Dalam The Ocean At The End Of The Lane (yang diterjemahkan menjadi Samudra di Ujung Jalan Setapak), Neil Gaiman mengajak kita berkenalan dengan seorang pria yang sedang mengingat dan menceritakan kisah masa kecilnya. Dahulu sang pria memiliki seorang sahabat, seorang gadis bernama Lettie yang tinggal di rumah peternakan di ujung jalan setapak. Disana ada sebuah kolam bebek yang menurut Lettie adalah samudra, jalan penghubung ke dunia lama.
Suatu ketika, terjadi insiden yang membangunkan suatu makhluk dari dunia lama. Lettie pergi mencari makhluk tersebut untuk mengikatnya dan mencegah dia berbuat ulah. Sang pria (saat itu masih seorang bocah lelaki) ikut pergi bersama Lettie walaupun sudah dilarang oleh neneknya Lettie. Saat itu si bocah lelaki tidak tahu seberapa berbahayanya mahkluk ini, dan ia melakukan sebuah kesalahan kecil yang berakibat fatal...

Opini Saya

Jalan cerita novel ini sebenarnya sederhana, namun gaya bercerita Neil Gaiman memang sangat lihai dan menghanyutkan. Saya sempat mandek di suatu halaman yang menceritakan tentang kekerasan pada anak. Karena saya sendiri sedang menantikan seorang anak, rasanya berat saat membaca tentang anak-anak yang mendapat perlakuan tidak pantas dari orang tuanya. Namun, saya menelan ludah dan membaca cepat halaman-halaman itu, berharap sang anak mendapatkan akhir cerita yang bahagia.
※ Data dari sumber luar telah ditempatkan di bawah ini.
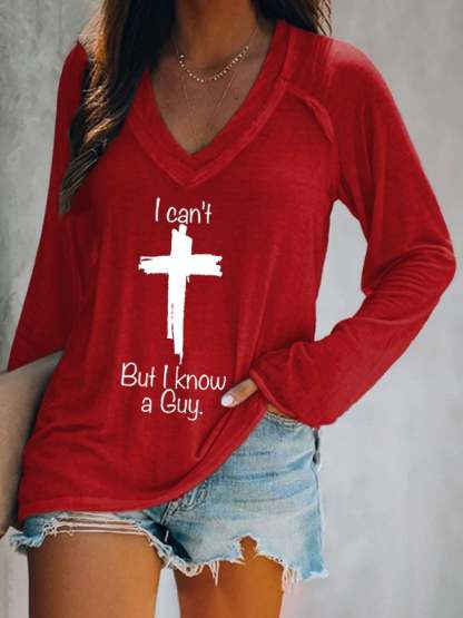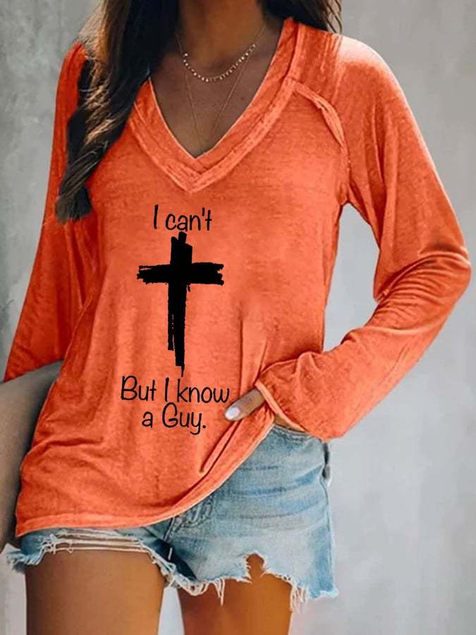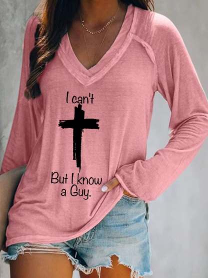 Women's Casual I Can'T But I Know A Guy Print Long Sleeve T-Shirt

Yah, memang di satu sisi ceritanya berakhir bahagia, tapi tetap ada kesedihan yang membuat saya merenung.

Di tengah rimba fantasi yang dikuasai oleh tema distopia, saya sangat senang akan kehadiran buku ini. Karya-karya Neil Gaiman memang hampir semuanya mandiri, tidak perlu ditemani oleh buku-buku sekuel. Seperti halnya Coraline dan The Graveyard Book, The Ocean At The End Of The Lane memikat dengan kesederhanaannya, dengan tokoh anak yang rapuh sekaligus tangguh.

Untuk cover, berhubung warnanya biru, tentu saja saya suka sekali :)) Tapi kalau dibandingkan dengan cover versi luar negeri, saya lebih suka versi luar negeri, karena ada atmosfer alam semesta di situ, yang benar-benar mencerminkan samudra yang disebut-sebut di dalam cerita.
Akhir kata, sekali lagi salut untuk Neil Gaiman yang berhasil mempermainkan emosi saya dengan karyanya :)) Saya tidak sabar menanti buku barunya yang katanya akan segera diterbitkan: Fortunately, The Milk ... sebuah buku anak-anak yang ada alien dan perjalanan lintas waktunya. Sepertinya sangat menarik!